• About this task: The material beneath this line should be printed exactly, with its pictures omitted.

• Data block:
────────────────
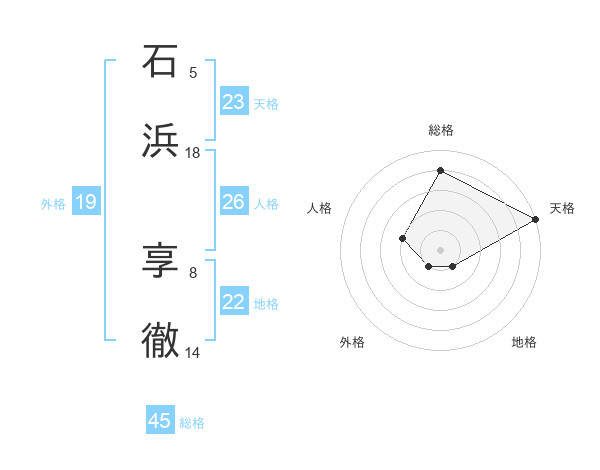 石浜 享徹さんの総格は45画の4点!
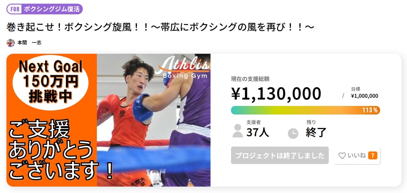 地域の健康促進やコミュニティ形成を目指し、集めた資金をジムの設備投資や選手育成に活用しています。具体的には、ボクシングリングの設置費用として約80万円(リング費用170万円の一部に活用)、リターン準備費用として約20万円、トレーニング器具や用品、遠征費用などに約50万円を充てました。
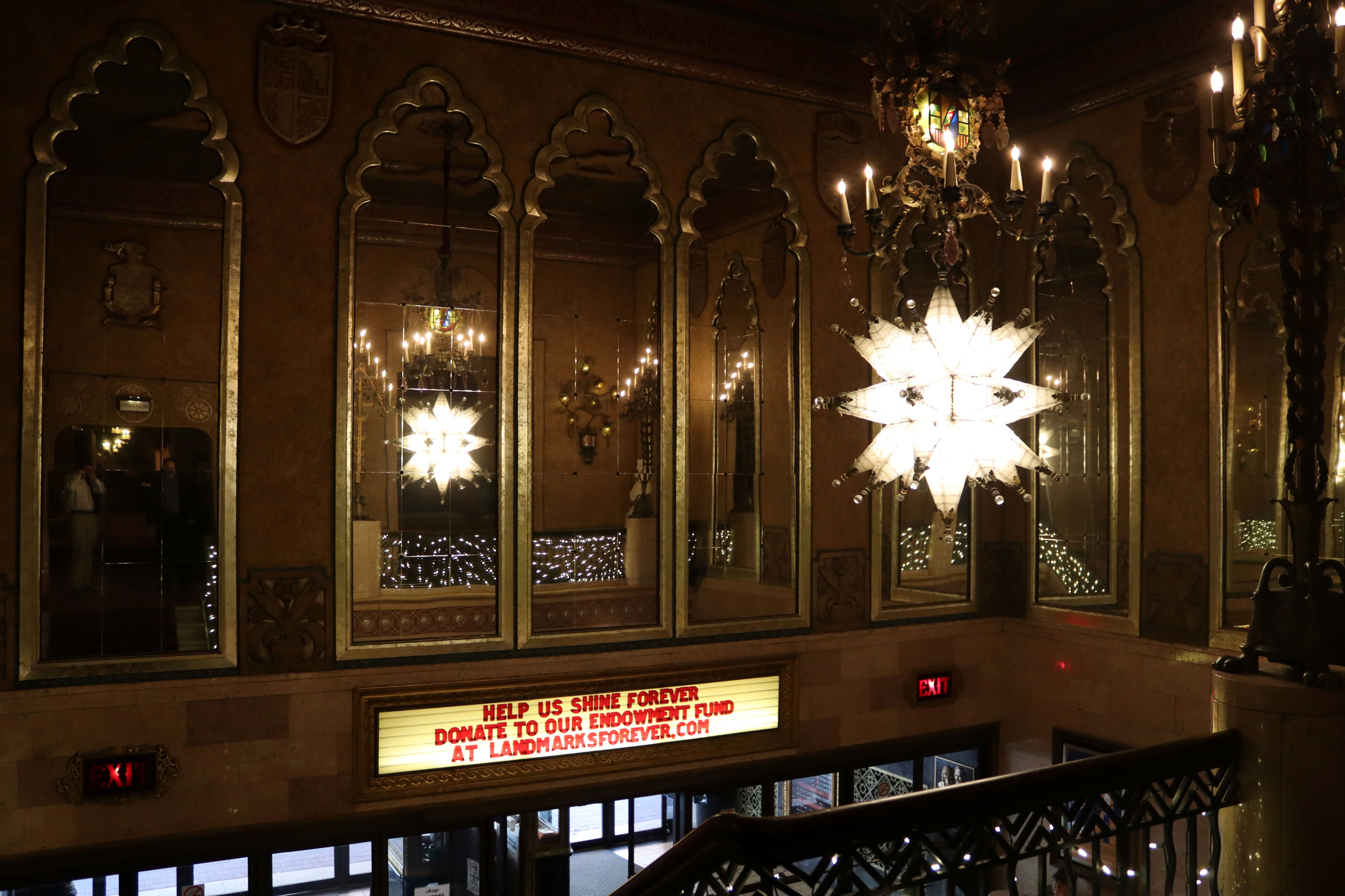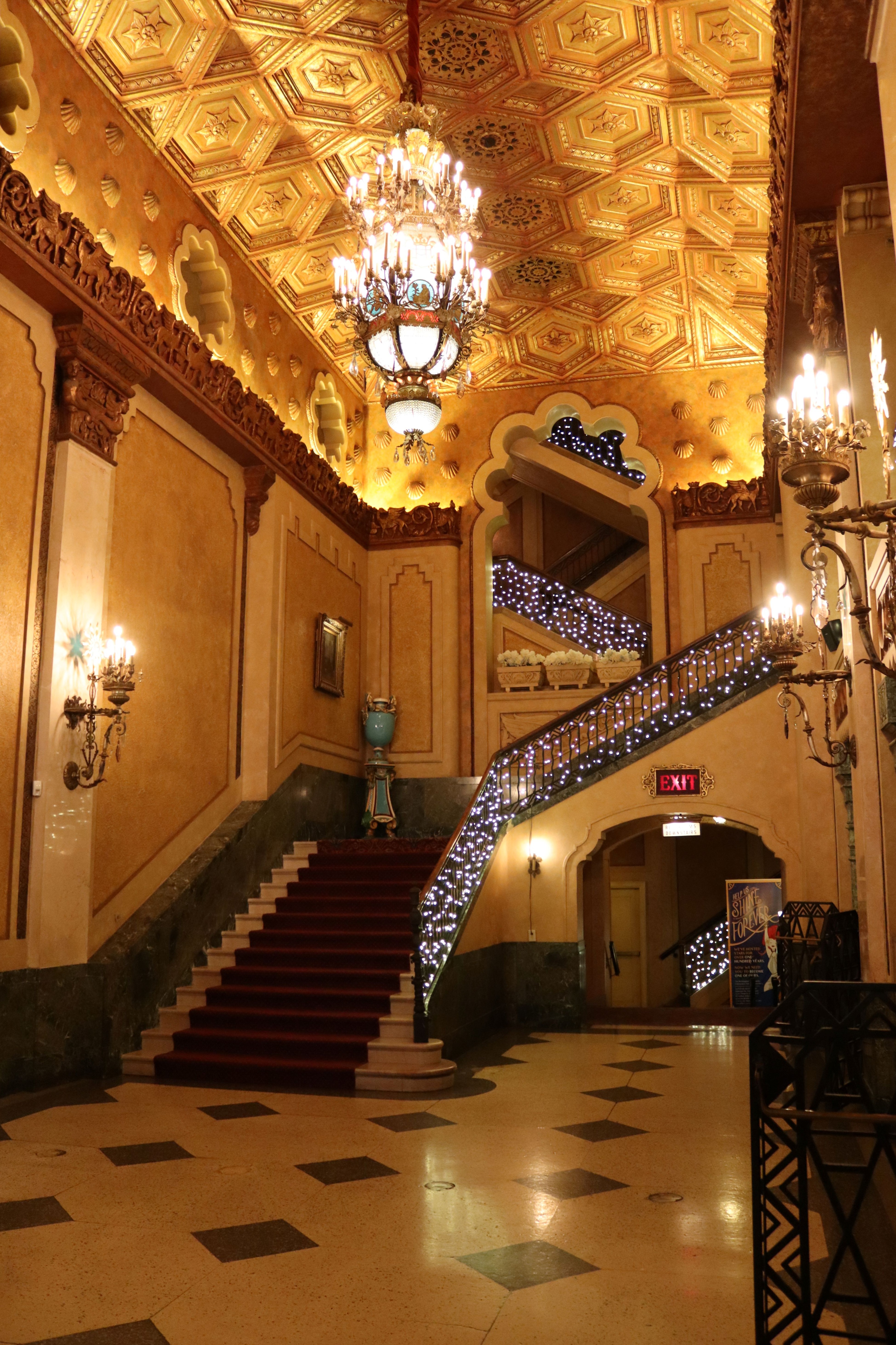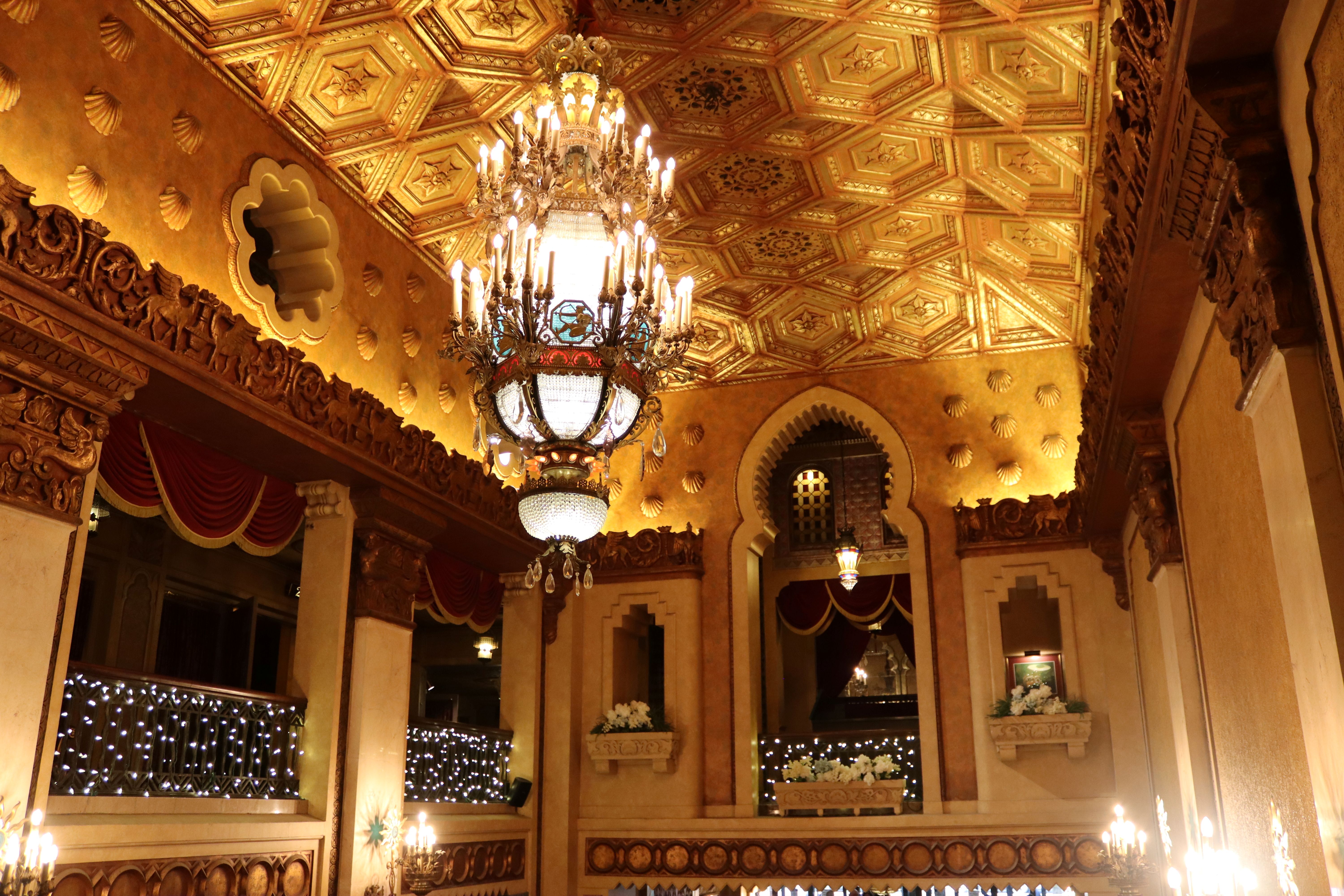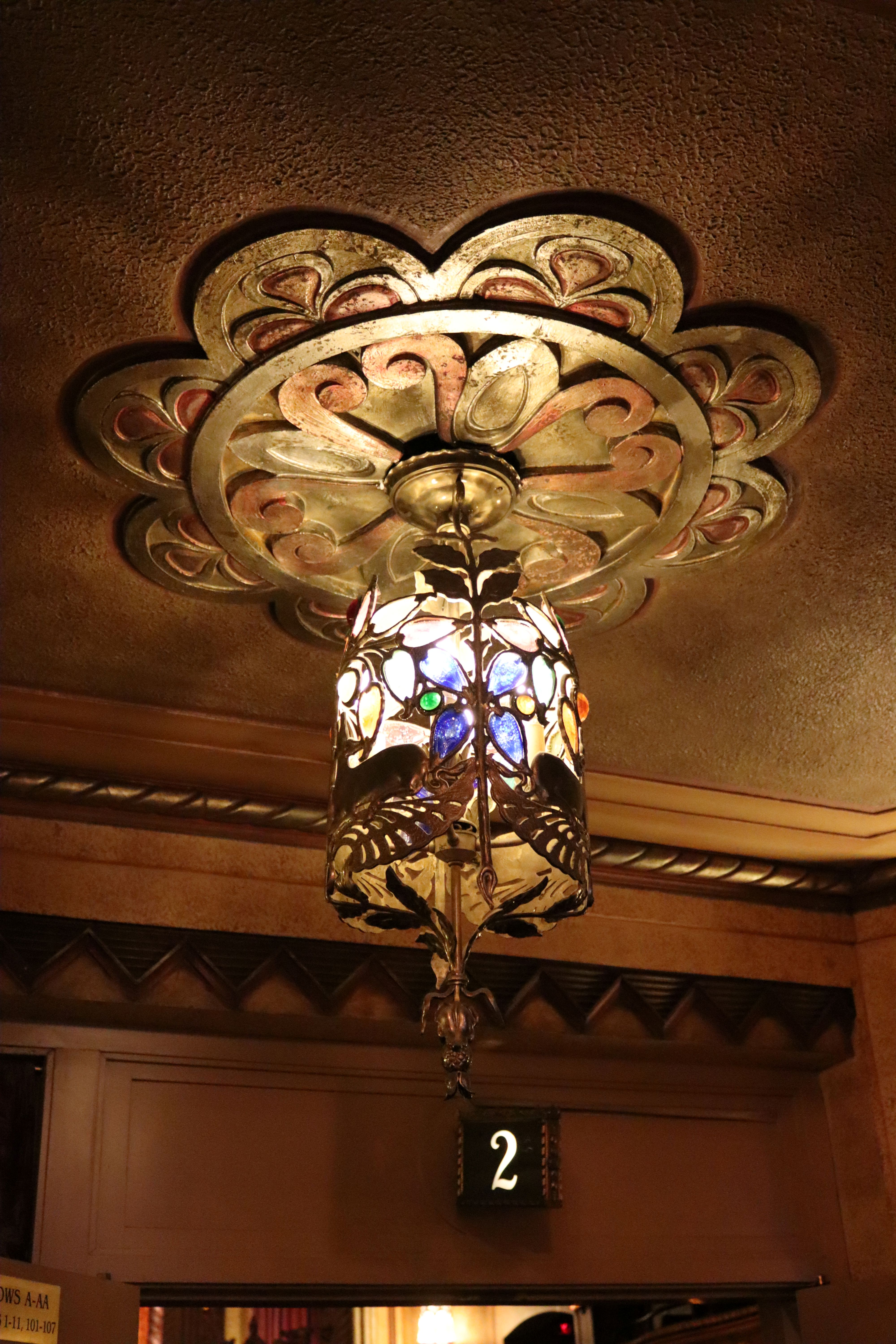 The lobby of the theatre has two large two-story spaces, with a one-story space in between. The first space you walk into is the “Hall of Mirrors.” Beyond that is a larger space in a Spanish Revival style.
────────────────
• Solution for this exercise:
 石浜 享徹さんの総格は45画の4点!
 地域の健康促進やコミュニティ形成を目指し、集めた資金をジムの設備投資や選手育成に活用しています。具体的には、ボクシングリングの設置費用として約80万円(リング費用170万円の一部に活用)、リターン準備費用として約20万円、トレーニング器具や用品、遠征費用などに約50万円を充てました。
 The lobby of the theatre has two large two-story spaces, with a one-story space in between. The first space you walk into is the “Hall of Mirrors.” Beyond that is a larger space in a Spanish Revival style.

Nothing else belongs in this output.